Take Time to Validate, Inspire & Encourage

The other night driving home from visiting my daughter, I was thinking and reflecting on Valentines Day. Earlier that day and every year, I smile at the many men who take time out and pop into the flower shop to get flowers for their partners. On this day you do not see any women in the store other than those serving and making up those bouquets. I look at the men, looking very serious and concentrated, getting the perfect bunch together, walking out proudly with their pick — hoping their partners will receive their romantic gesture with gratitude, appreciation and love.
This one-time and other special occasions people put extra effort into letting a loved one know they matter and are loved. This thought brought me back to my life and maybe yours. We are busy every day with the people who matter to us. We have conversations—meaningful and not meaningful. We disagree to agree. We eat together, watch a series together. We laugh and cry together. When facing storms, we endure together.

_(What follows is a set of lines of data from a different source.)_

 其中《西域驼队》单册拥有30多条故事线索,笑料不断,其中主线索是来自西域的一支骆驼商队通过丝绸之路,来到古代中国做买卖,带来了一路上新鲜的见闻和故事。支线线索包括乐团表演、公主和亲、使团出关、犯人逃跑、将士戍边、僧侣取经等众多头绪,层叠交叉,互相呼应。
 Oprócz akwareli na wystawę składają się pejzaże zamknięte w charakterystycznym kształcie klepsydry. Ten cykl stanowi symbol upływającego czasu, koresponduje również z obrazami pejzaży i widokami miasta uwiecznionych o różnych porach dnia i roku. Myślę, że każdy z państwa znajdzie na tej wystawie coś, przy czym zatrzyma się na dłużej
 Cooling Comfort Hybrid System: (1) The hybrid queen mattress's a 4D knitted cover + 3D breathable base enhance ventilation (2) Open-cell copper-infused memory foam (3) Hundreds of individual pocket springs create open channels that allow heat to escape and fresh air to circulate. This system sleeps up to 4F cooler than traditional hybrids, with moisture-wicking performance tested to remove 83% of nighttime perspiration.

Thinking of my daughter, how I watched her going through the loss of her daughter; always checking to make sure she was okay. We spoke and shared about our processing of the loss over the past year. But I realized some things I wanted and want her to know; I didn’t get to say yet. I first thought, I will get to tell her sometime. But what if it is too late? That’s when I wrote her a letter the next day. I took time and wrote a letter to my daughter. Telling her the things I do not tell her in our normal conversations.

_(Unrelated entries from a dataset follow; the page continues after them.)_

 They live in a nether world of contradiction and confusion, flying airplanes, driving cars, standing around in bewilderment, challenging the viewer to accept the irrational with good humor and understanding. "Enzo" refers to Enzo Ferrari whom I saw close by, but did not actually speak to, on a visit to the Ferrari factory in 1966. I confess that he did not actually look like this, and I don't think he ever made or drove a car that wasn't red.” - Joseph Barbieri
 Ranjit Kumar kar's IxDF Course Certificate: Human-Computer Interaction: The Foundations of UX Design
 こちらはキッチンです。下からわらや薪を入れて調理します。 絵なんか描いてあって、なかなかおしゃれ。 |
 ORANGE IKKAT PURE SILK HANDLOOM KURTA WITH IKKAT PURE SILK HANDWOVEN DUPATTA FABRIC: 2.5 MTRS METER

Life passes us by so quickly, and so do memorable moments. How better than to capture those moments on a piece of paper—validating, inspiring and encouraging someone else. Letting them know that you take notice and that you are present in their lives.
I remember years ago, when my daughter—the eldest turned sixteen, I wrote a poem, capturing all the memorable moments from the day she was born. I framed it and gave it to her on her birthday. When her brother turned sixteen, he insisted on his poem. I did one for each of our children. And when my daughter got married and expected her first baby, I wrote her letters.
These poems and letters, I know, impacted my children’s lives. It was my way of sharing my heart with them. In which way, can you impact your family life?